No it isn't. There is nothing profound about it. That random sounds are or can be classical music is a gross exaggeration. If Cage is talking about some other music such as avant-garde then fine with me since I exclude it from CM. Still, whatever sounds might occur in a concert hall during [groan] a 'performance' of 4'33", such as someone blowing their nose or sneezing, the sound of the A/C coming on, the ring of a cellphone or the sound of (smart) people leaving in disgust are not music.

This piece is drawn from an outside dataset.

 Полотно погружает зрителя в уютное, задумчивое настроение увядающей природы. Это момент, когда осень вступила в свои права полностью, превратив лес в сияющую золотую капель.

Classical music has always been highly organized. The fact is that there is a an inverse relationship between the amount of randomness in classical music and the number of listeners that want to hear it.


----------



## Nereffid (Feb 6, 2013)

DaveM said:


> Classical music has always been highly organized. The fact is that there is a an inverse relationship between the amount of randomness in a classical music and the number of listeners that want to hear it.


But your example of extreme avant-garde was the Ferneyhough piece, whose YT video _displays the score_. It's clearly a highly organized, not-at-all random piece of music.

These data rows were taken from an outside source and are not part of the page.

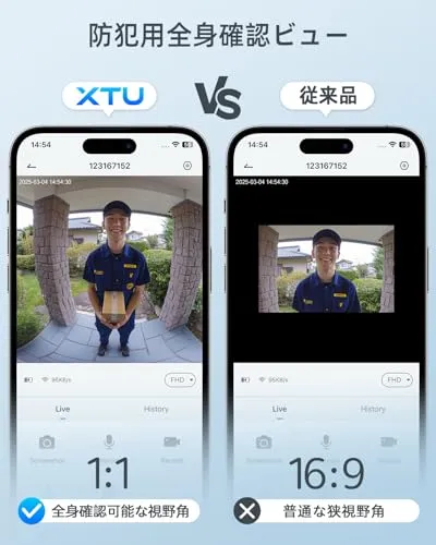 D★インターホン ワイヤレス 工事不要【全身確認可能・2K 180°超広角】 XTU ドアホン カメラ付き ドアベル テレビドアホン スマホ連動 来訪者の頭から足元までしっかり確認 Alexa/Google Home連携 遠隔監視 双方向通話 家族共有 IP6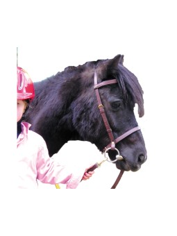 - Livré sans mors, il est équipé de rênes éducatives 4 couleurs à mousquetons, de montants de mors à rivets, d'une tétière et d'une muserolle simple plate.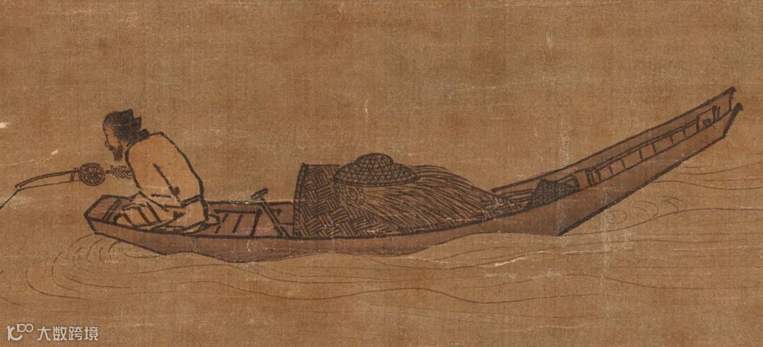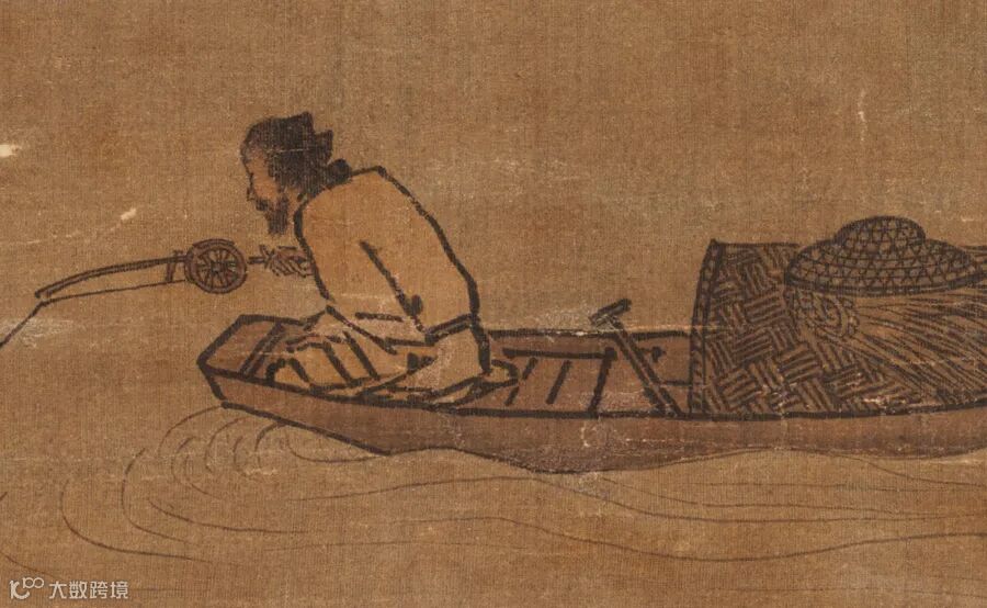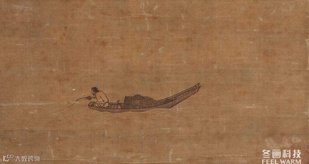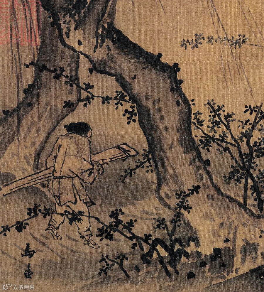在构图处理上,运用大片空白表现水天一色,开拓了画面的空间,给欣赏者留下自由想象的余地。善於运用空白是马远山水画的一大特色,也是中国画构图的一个重要特征。

What you're calling "randomness" would be much more fairly called "_apparent_ randomness". Just because listener A thinks a piece sounds random, doesn't mean that it _is_ random, or that listener B will think it's random. I grant you there probably is, in general, an inverse relationship between _apparent_ randomness and audience enthusiasm. But people are always going to differ as regards what they think sounds random, and whether they're willing to enter the composer's soundworld.


----------



## fluteman (Dec 7, 2015)

DaveM said:


> The fact is that there is a an inverse relationship between the amount of randomness in classical music and the number of listeners that want to hear it.


I guess that's why so many listeners want to hear something as non-random as this:


----------



## DaveM (Jun 29, 2015)

Nereffid said:


> But your example of extreme avant-garde was the Ferneyhough piece, whose YT video _displays the score_. It's clearly a highly organized, not-at-all random piece of music.
> 
> What you're calling "randomness" would be much more fairly called "_apparent_ randomness". Just because listener A thinks a piece sounds random, doesn't mean that it _is_ random, or that listener B will think it's random. I grant you there probably is, in general, an inverse relationship between _apparent_ randomness and audience enthusiasm. But people are always going to differ as regards what they think sounds random, and whether they're willing to enter the composer's soundworld.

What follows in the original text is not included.